After discussing the characteristics of target customers, we now analyze the overall market and its effect on solar electric dealers. Survey respondents were interviewed about perceived business conditions and expectations, market trends, impact on the industry from certain events, and opportunities and threats for their businesses going forward.
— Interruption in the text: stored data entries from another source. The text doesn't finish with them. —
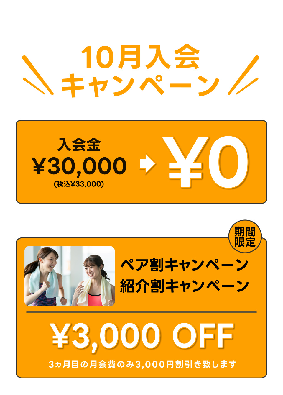 🔶10月限定 入会特典(通常入会金 ¥33,000 → ¥0)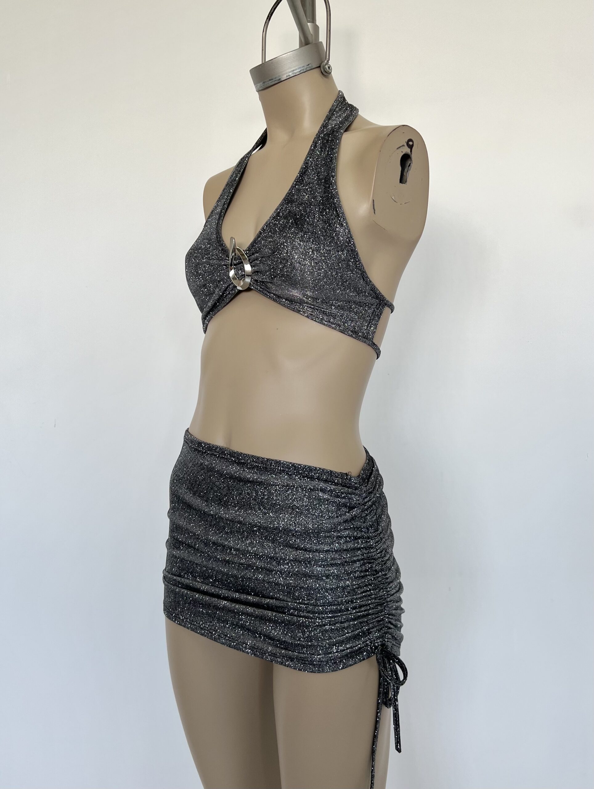 607/G-POLLERA GLITTER CON CORDON FRUNCE LATERAL - negro-plata NEGRO/PLATA en stock $0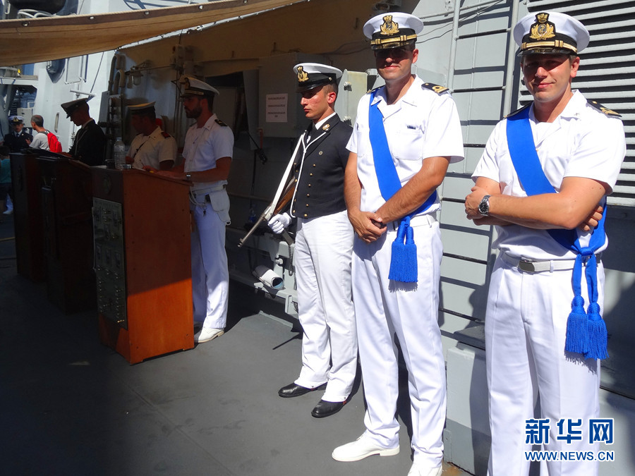????“路易吉·杜蘭德·德拉佩訥號”驅逐艦上的工作人員。新華網(wǎng)記者 周喆 攝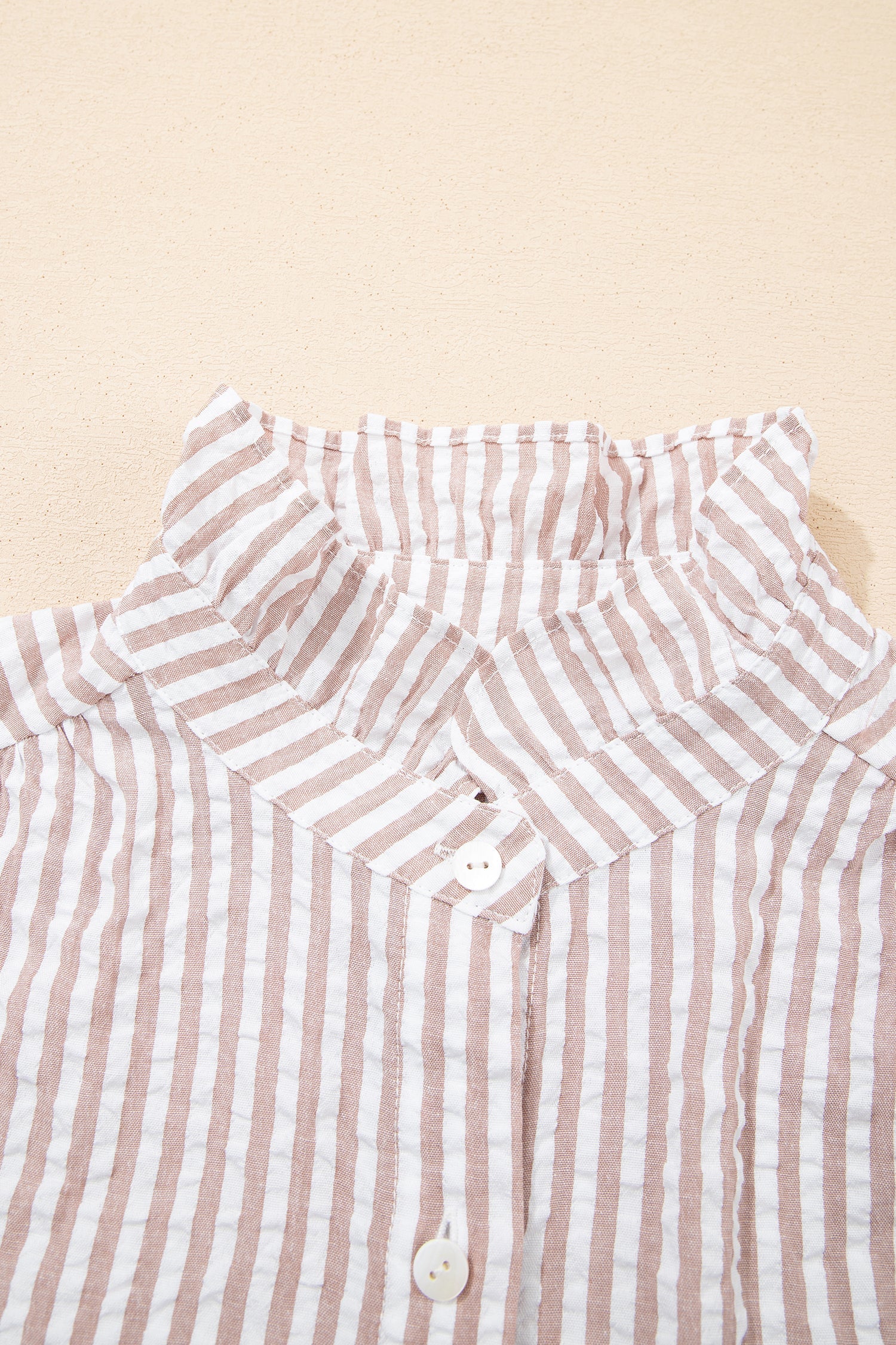 Stripe Frilled Collar 3/4 Sleeve Maxi Dress
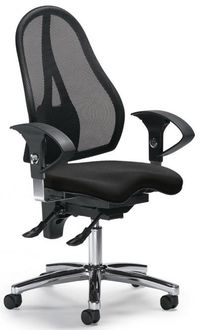 Qualitätsmerkmale: Synchron-Mechanik, Bandscheibensitz, Netzrückenlehne höhenverstellbar, Lendenwirbelstütze, stufenlose Sitzhöhenverstellung, GS-Zeichen, TÜV-geprüft, verchromtes Fußkreuz und lastabhängig gebremste Doppelrollen.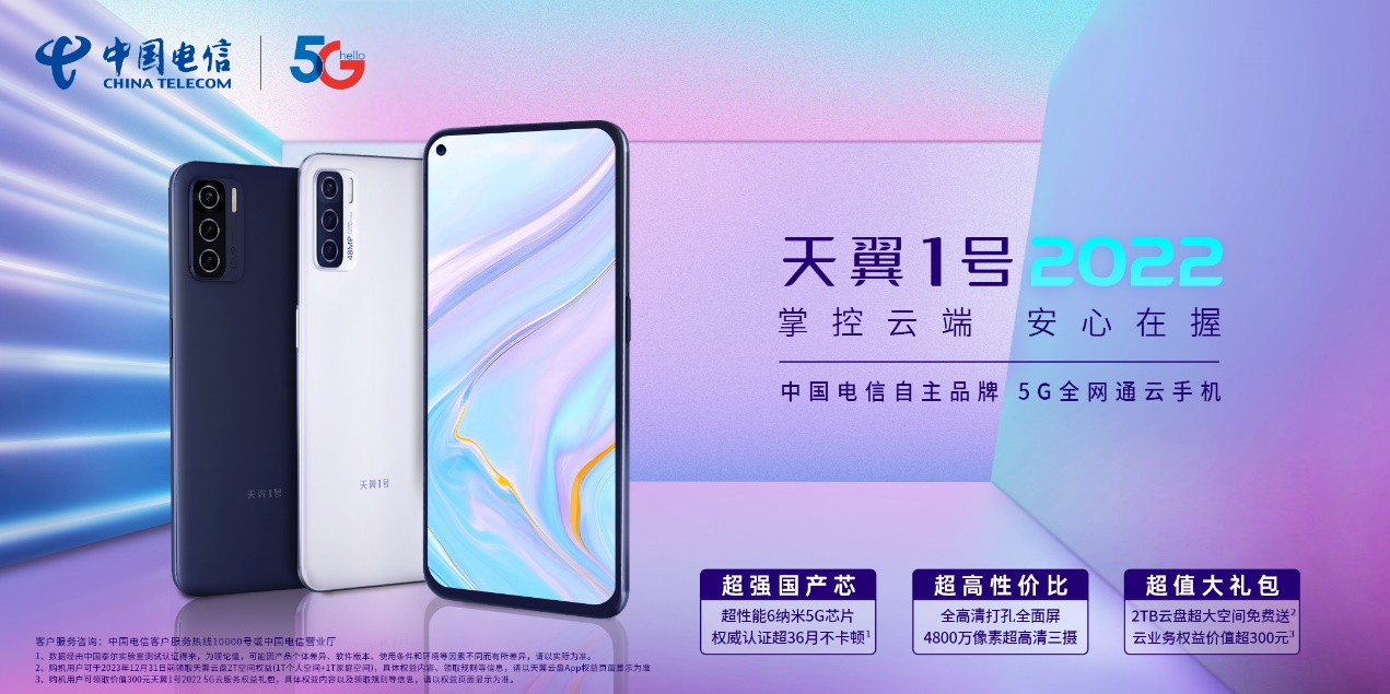 一是硬核技术,天翼1号2022采用国产6nm 5G芯片,可达36个月卡顿无忧,这也是在火箭发射现场天翼1号2022保障传播的关键技术。二是超高性价比,6.5英寸90Hz高刷新率、FHD+全高清挖孔屏、4800万像素超高清三摄、5000毫安时超大电池和7.9毫米超轻薄机身。三是5G功能新体验,全面支持5G消息和量子密话功能,畅享富媒体消息服务与安全加密通话服务。四是多项福利大礼包,300元中国电信云业务权益服务匹配。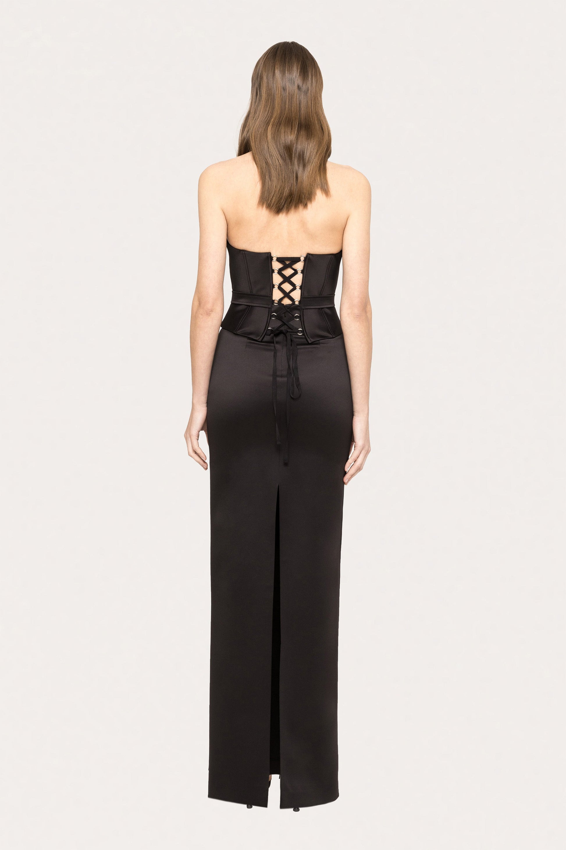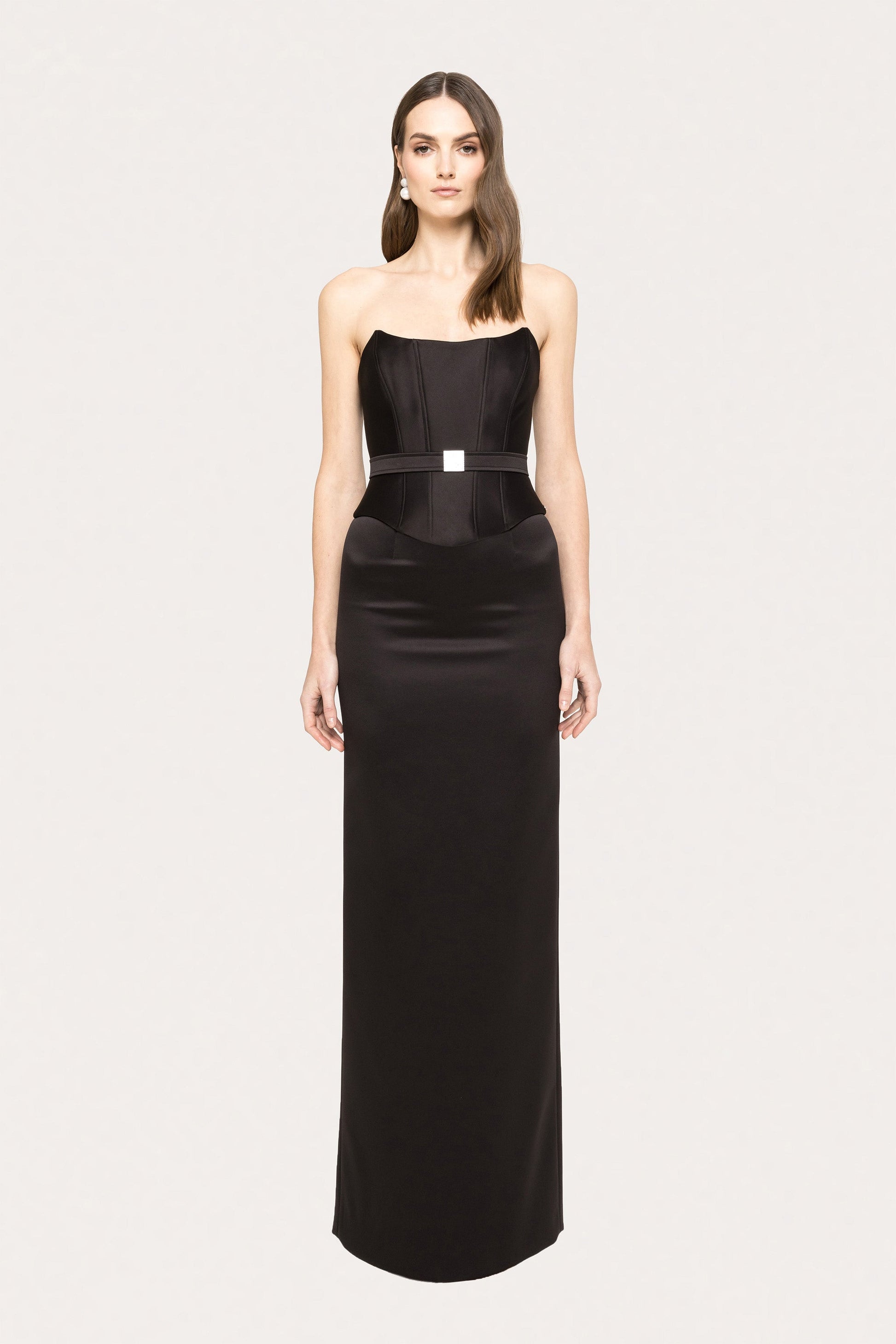 Refined and classic, this long taffeta skirt features a tailored silhouette, perfect for office or formal events.

The Solar Electric Market California is the third largest solar market in the world today, partly as a result of the incentives created by the state to encourage the industry’s growth (Starr, Thomas, Bonneville Environmental Foundation, 2004. http://www.californiasolarcenter.org/pdfs/forum/ Solar04-PerfBasedIncent-Pub.pdf). This market’s dramatic growth has been a boon to solar electric dealers, although, ironically, the very success of these programs has created challenges as well. The California photovoltaic market is projected to reach approximately $359 million in 2004, up from $339 million, according to Coast Hills Partners analysis of CEC and other data (see Chapter III, Company Profiles, Revenues section). The California market as a whole grew 34% from 2003 to 2004, with the region surrounding and including the Greater Bay Area growing slightly faster, at 41% (see Chapter VI, Company Approaches to Growth). This region, the primary marketplace for most of the surveyed companies, comprises 51% of the total California market, or $182 million [Figure 17].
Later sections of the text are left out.